The next time he was in hospital was a few months later. He called me and asked me if I could come visit him there. He sounded fragile. I made my way up to the neurology ward. I arrived and within minutes his neurosurgeon walked into the room. He wanted to talk to Tony.
“Oh, good,” the surgeon said to me, “we’ve been waiting for you to get here”, I raised my eyebrows to Tony, ‘what for?’ I asked him with my eyes.
“Ah… you’re my support person” he said, looking down at his hands. I was shocked. I’d only met him in hospital recently… did he really not have anyone else in his life who knew him better than me? Who cared for him more than I did? For the next ten minutes I held Tony’s hand and listened with horror as his neurosurgeon spelt out the awful truth. They had not managed to remove the additional tumour they’d found in his head. He had weeks, not months. It was unlikely he’d manage an overseas trip to see his distant relatives.
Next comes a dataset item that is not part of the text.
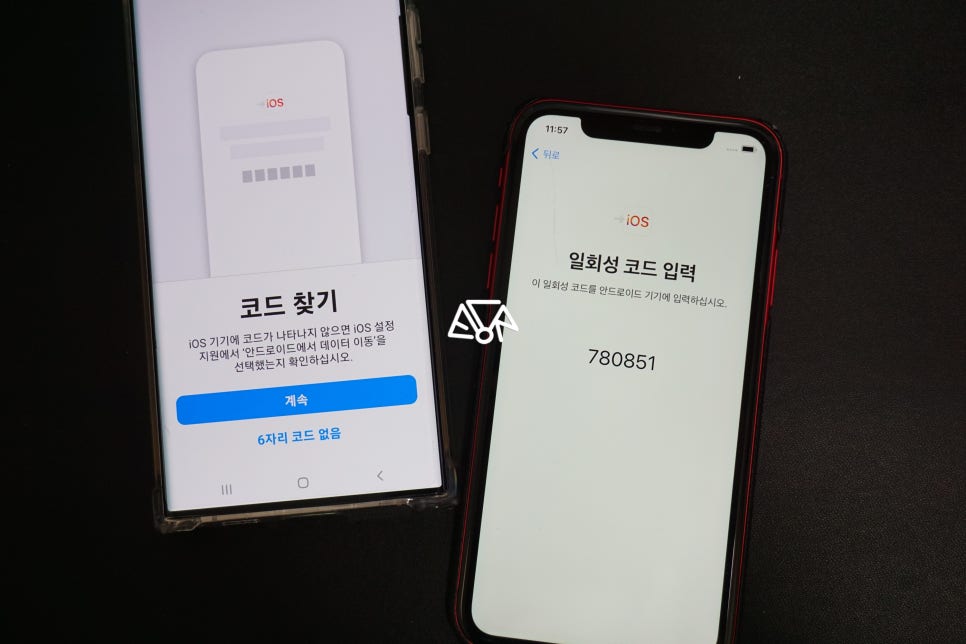 갤럭시에서 아이폰 이동을 위해 다운받은 iOS로 이동 앱을 실행하면 바로 아이폰에 보이는 6자리 일회성 코드를 그대로 갤럭시 코드 입력란에 타이핑하면 연결이 됩니다.

He should get his affairs in order. The young neurosurgeon looked at me. Nodded. Held my gaze for a little longer than was comfortable, and asked Tony if he had any questions. When Tony had asked all he needed to, the surgeon turned toward me, saying to Tony, “…and your daughter?”. I was floored. “I’m not-“ I began to say, but then I just shook my head. “No questions”.
In the weeks that followed, Tony and I stayed in close contact. I visited him in the hospice as his time drew closer. It became clear to me that he truly had no real friends. He cried a lot. Cried that he wouldn’t be able to see his elderly mother one more time. Cried that his wealthy brother was too busy to fly over and see him. Cried with regrets for all the things in his life that hadn’t worked out. He asked me to write his life story, and so I did, sentence by painful sentence, as he rasped or slurred his words. The tumour was beginning to take his ease of speech; his fragmented final memories were pieced together by this random girl he’d met in the hospital. I emailed it all to his brother, but got no reply.
The last time I saw him, I kissed him on the forehead as I said goodbye.
“Sleep well” I said.
“…wish you really had been my daughter” he murmured back. I think I saw his good eye wink. I’m sure I heard a low whistle follow me out the door. I smiled then. And that night, he passed away.
I am lucky. He was right. Lucky our illnesses brought us together in the strangest of ways. Lucky I had the chance to meet someone who made me feel like a girl who still had something to give, not just a sick person. And lucky that I got to spend time with another human being through the darkest most dignified days of his waning life. I will never forget the things I learned from Tony.
Life is short. Luck is relative. And family can be found in the strangest of places.